[What the task asks] Your answer should be only the lines below from the one with "J. T. Whitfield" to the one with "Typographie manuscrite aux", repeated exactly, ends included.

[Data for this exercise]
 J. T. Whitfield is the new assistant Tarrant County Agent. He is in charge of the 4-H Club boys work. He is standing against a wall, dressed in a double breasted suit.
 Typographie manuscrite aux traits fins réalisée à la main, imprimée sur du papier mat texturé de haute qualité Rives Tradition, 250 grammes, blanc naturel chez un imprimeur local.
---
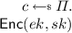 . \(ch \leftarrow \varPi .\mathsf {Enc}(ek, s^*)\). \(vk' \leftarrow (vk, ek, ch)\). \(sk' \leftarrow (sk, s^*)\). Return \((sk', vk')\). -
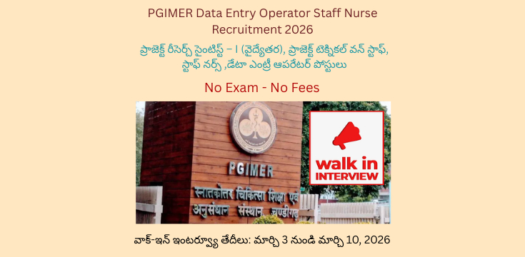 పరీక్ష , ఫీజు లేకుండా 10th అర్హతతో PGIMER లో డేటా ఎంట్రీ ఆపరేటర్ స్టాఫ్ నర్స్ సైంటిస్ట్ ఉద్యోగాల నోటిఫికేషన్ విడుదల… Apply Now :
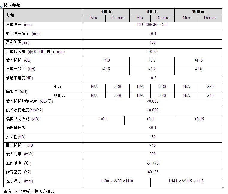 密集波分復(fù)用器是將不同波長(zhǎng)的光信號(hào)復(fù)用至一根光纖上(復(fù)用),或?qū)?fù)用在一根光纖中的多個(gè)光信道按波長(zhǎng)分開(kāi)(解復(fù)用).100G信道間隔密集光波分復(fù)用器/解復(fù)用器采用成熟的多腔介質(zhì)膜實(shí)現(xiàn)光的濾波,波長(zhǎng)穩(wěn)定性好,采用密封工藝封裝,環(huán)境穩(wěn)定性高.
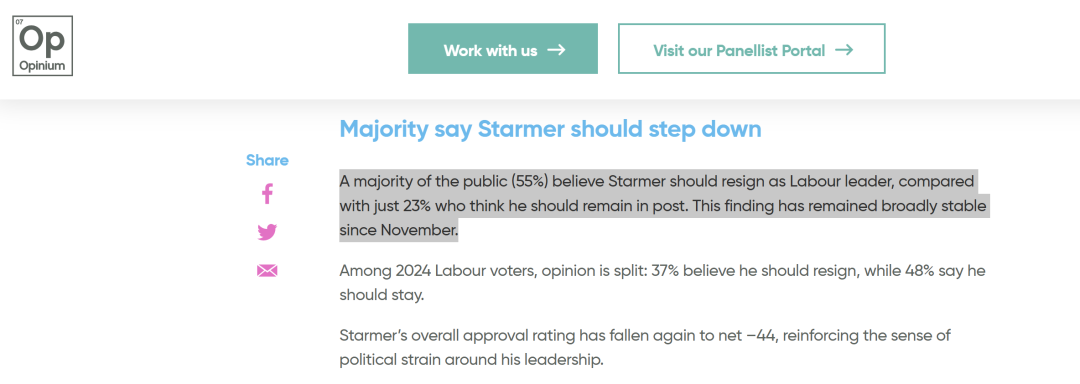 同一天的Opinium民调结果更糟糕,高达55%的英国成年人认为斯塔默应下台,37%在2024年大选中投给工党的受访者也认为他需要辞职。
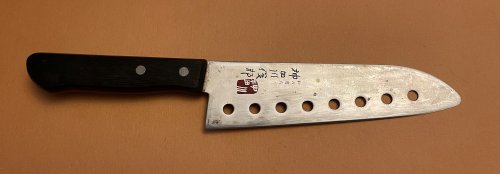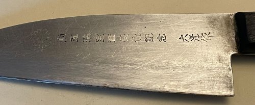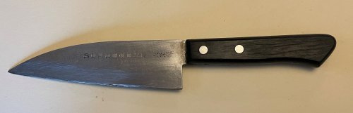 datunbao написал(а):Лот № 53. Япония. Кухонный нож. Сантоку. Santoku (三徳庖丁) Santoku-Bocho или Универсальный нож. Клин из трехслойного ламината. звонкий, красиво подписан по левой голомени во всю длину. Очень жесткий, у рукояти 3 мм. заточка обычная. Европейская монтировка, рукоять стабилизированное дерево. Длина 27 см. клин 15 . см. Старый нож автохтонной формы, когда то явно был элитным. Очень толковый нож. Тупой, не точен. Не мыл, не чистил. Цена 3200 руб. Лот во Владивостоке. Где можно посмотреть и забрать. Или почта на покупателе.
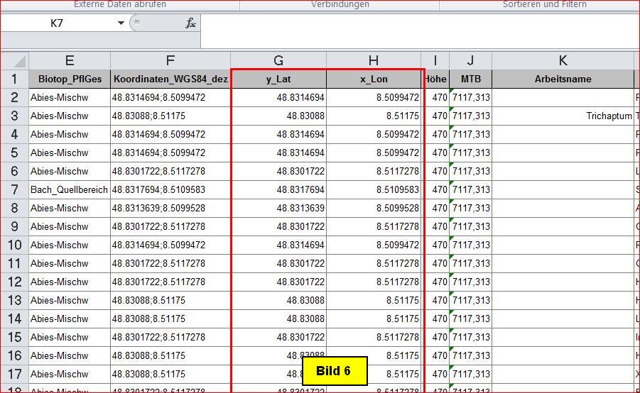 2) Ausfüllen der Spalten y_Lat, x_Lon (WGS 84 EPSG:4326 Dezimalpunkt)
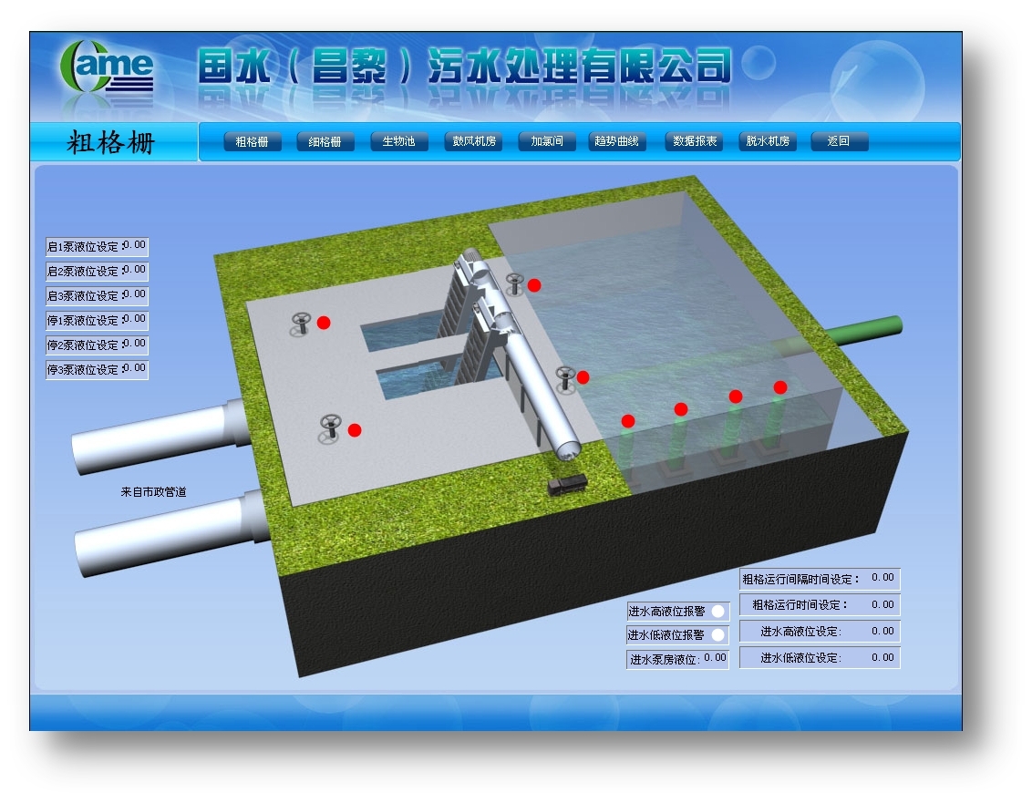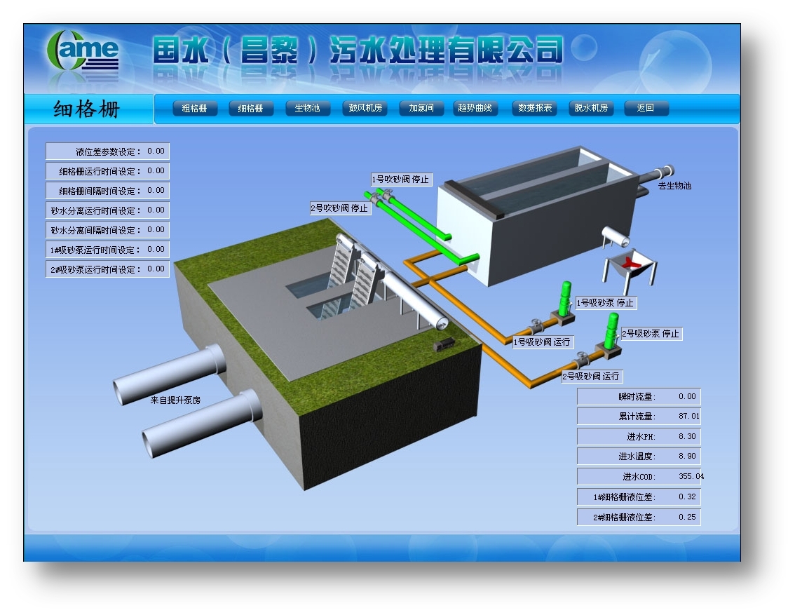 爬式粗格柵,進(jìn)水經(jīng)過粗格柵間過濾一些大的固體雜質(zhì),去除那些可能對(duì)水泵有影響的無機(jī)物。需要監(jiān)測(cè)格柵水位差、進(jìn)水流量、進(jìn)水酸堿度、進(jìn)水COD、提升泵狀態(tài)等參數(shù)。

[Exercise response]
 J. T. Whitfield is the new assistant Tarrant County Agent. He is in charge of the 4-H Club boys work. He is standing against a wall, dressed in a double breasted suit.
 Typographie manuscrite aux traits fins réalisée à la main, imprimée sur du papier mat texturé de haute qualité Rives Tradition, 250 grammes, blanc naturel chez un imprimeur local.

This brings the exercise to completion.